[The problem]
The reply must contain exactly the lines below from the one with "위 그림을 보면, A가" down to the one with "かわいい大きな目の萌え人形の", both included, and nothing more; please omit the pictures.

[Dataset records]
Content starts

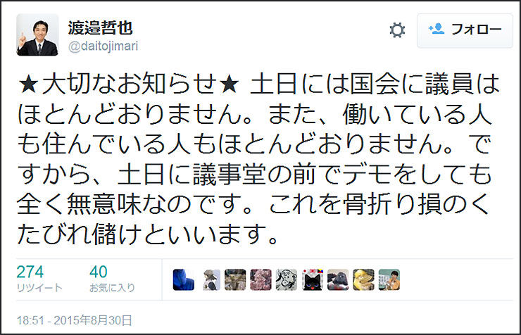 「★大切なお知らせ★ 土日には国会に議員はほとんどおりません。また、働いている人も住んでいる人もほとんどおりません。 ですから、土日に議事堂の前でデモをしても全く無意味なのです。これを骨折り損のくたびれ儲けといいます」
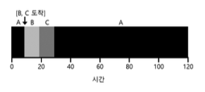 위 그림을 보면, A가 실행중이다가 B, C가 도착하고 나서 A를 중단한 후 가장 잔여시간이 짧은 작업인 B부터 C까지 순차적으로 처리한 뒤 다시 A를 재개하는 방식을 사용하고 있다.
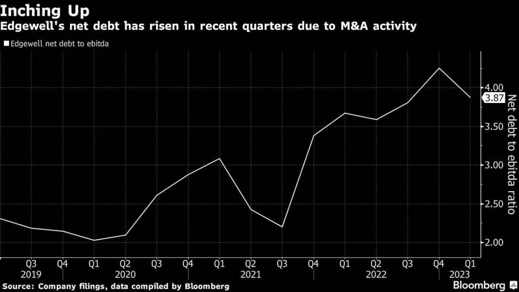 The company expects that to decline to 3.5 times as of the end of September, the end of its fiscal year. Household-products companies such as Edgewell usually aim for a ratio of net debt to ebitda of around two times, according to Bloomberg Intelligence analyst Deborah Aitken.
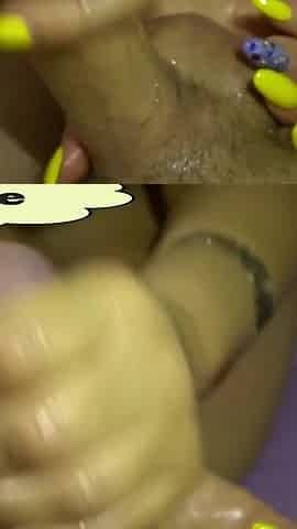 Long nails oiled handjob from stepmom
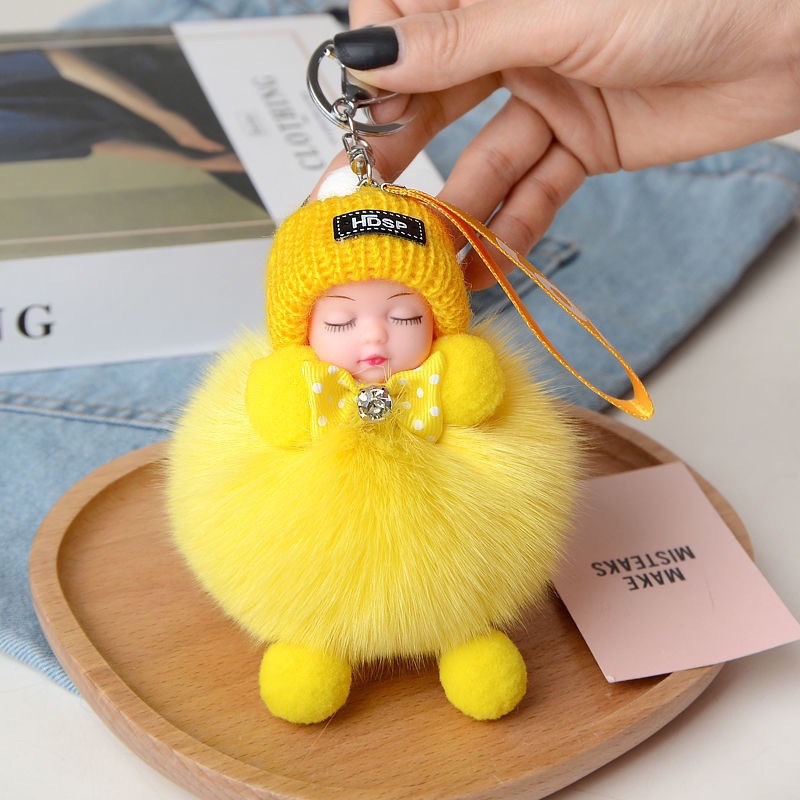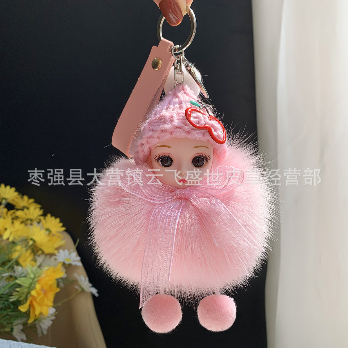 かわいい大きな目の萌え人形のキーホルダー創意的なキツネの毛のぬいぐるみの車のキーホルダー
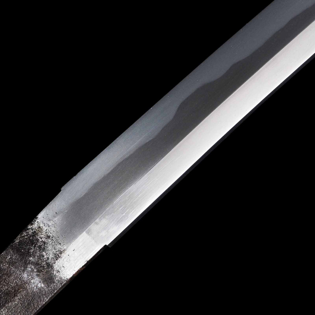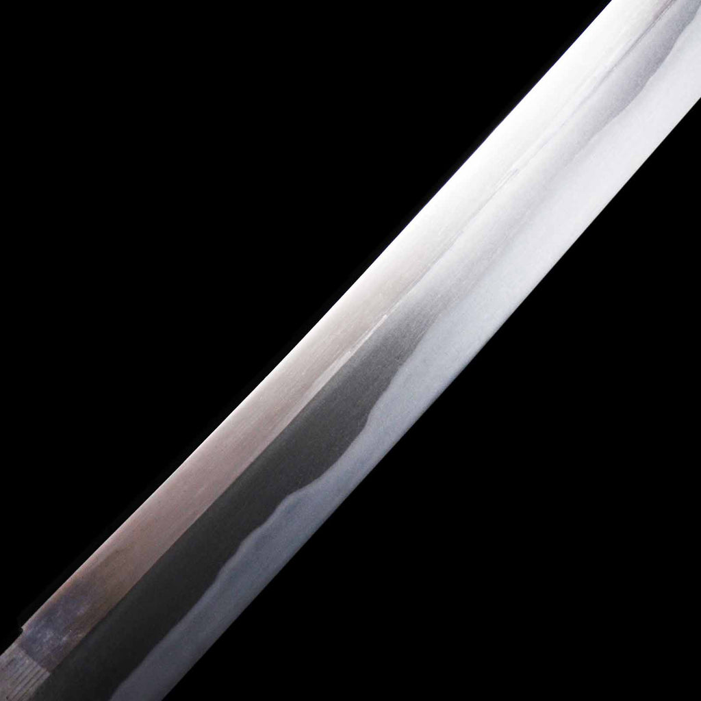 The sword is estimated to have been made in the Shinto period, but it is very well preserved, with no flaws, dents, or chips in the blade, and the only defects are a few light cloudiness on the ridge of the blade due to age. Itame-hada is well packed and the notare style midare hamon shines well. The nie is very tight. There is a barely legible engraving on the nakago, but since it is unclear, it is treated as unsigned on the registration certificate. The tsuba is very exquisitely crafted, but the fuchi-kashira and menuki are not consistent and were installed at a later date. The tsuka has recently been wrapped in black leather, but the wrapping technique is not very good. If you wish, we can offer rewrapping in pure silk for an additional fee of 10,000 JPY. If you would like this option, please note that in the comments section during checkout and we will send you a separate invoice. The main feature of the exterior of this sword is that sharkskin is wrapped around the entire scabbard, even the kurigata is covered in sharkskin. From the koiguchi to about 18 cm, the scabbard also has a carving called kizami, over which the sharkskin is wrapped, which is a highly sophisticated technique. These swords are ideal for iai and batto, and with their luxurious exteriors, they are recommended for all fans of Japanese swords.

Content ends
Content starts

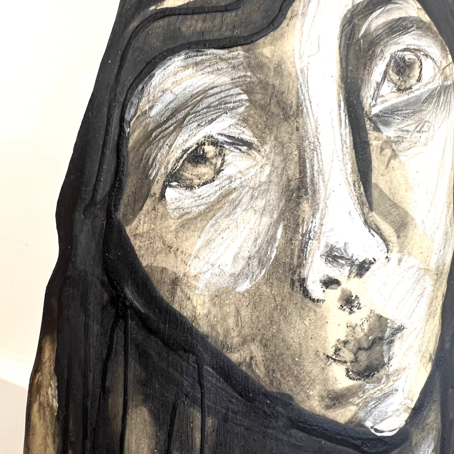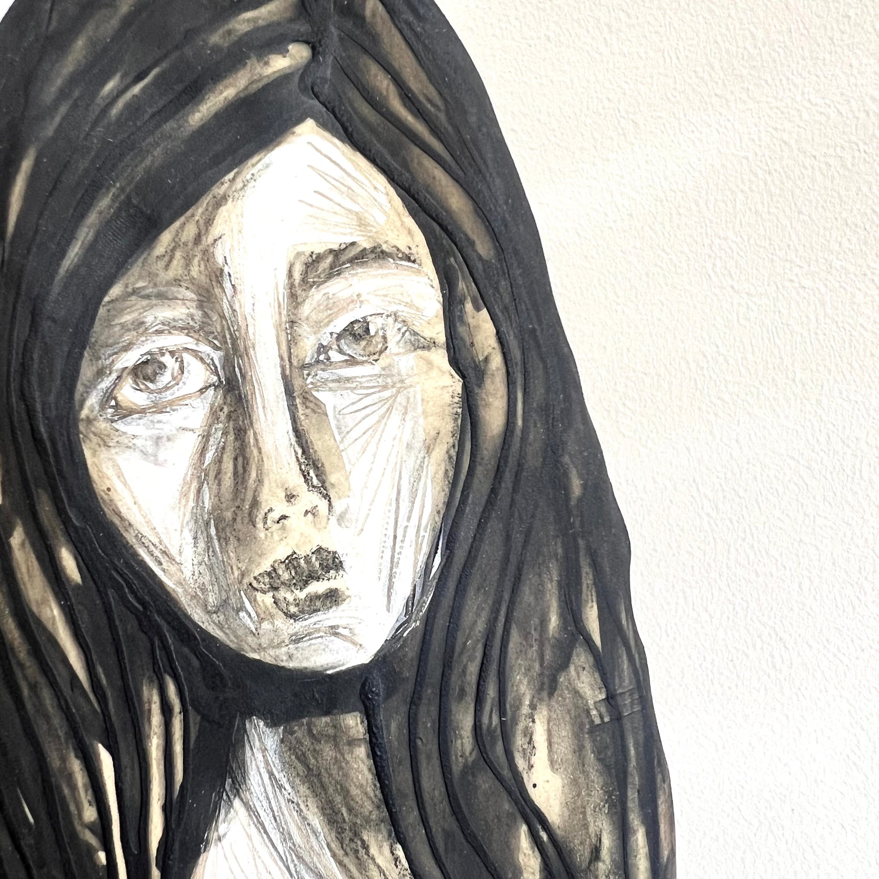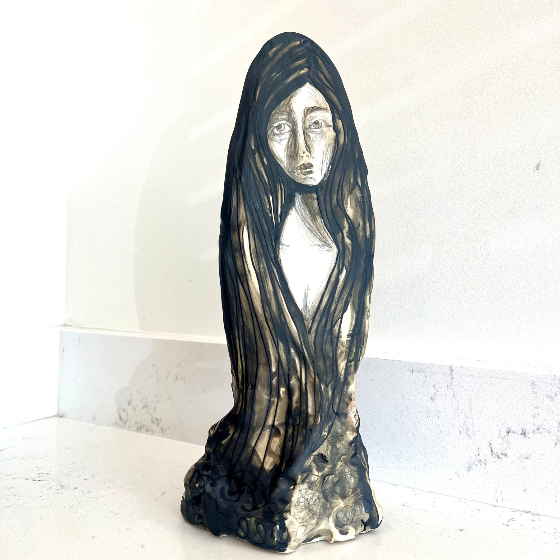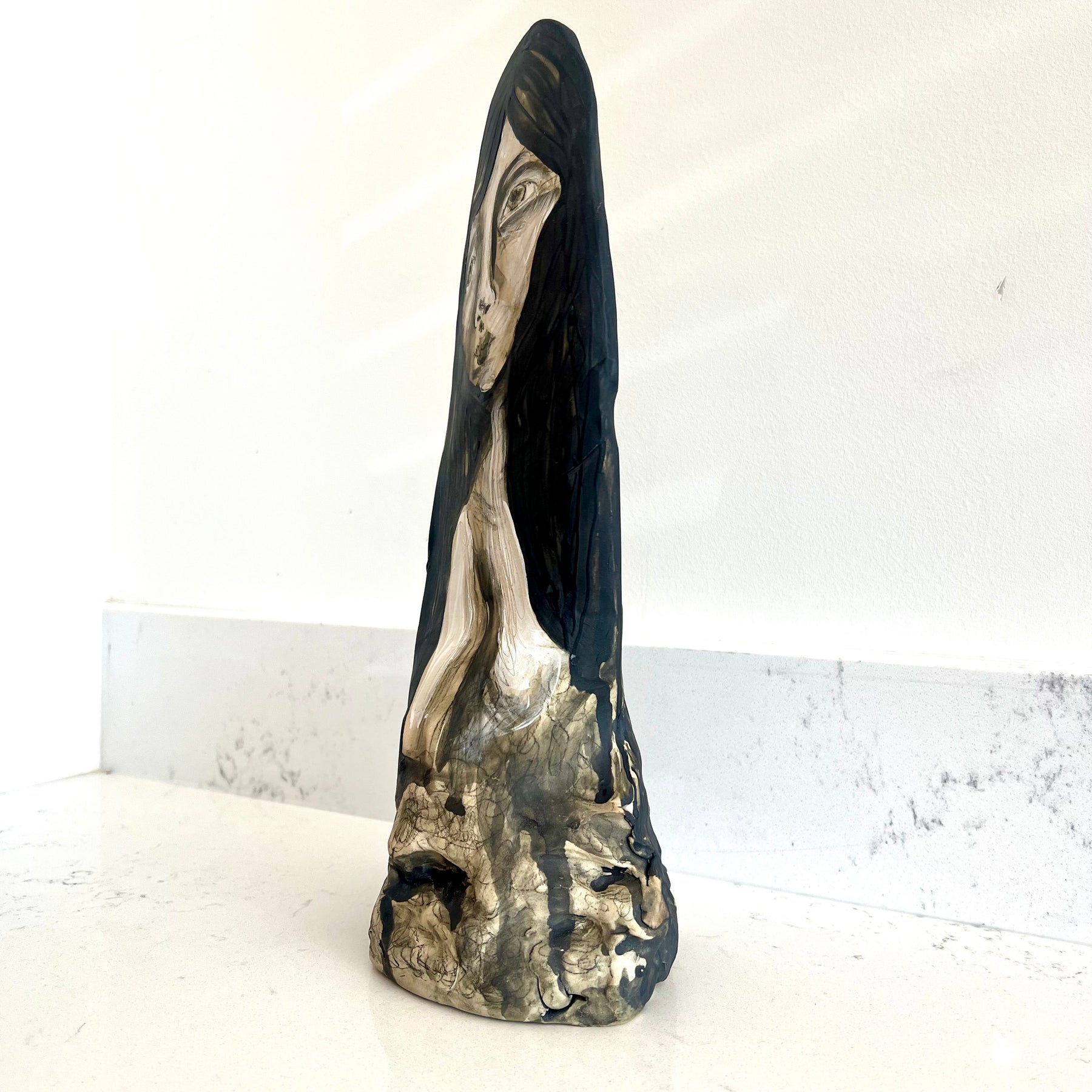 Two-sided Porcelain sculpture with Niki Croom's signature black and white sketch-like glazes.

Content ends

[Worked solution]
 위 그림을 보면, A가 실행중이다가 B, C가 도착하고 나서 A를 중단한 후 가장 잔여시간이 짧은 작업인 B부터 C까지 순차적으로 처리한 뒤 다시 A를 재개하는 방식을 사용하고 있다.
 The company expects that to decline to 3.5 times as of the end of September, the end of its fiscal year. Household-products companies such as Edgewell usually aim for a ratio of net debt to ebitda of around two times, according to Bloomberg Intelligence analyst Deborah Aitken.
 Long nails oiled handjob from stepmom
 かわいい大きな目の萌え人形のキーホルダー創意的なキツネの毛のぬいぐるみの車のキーホルダー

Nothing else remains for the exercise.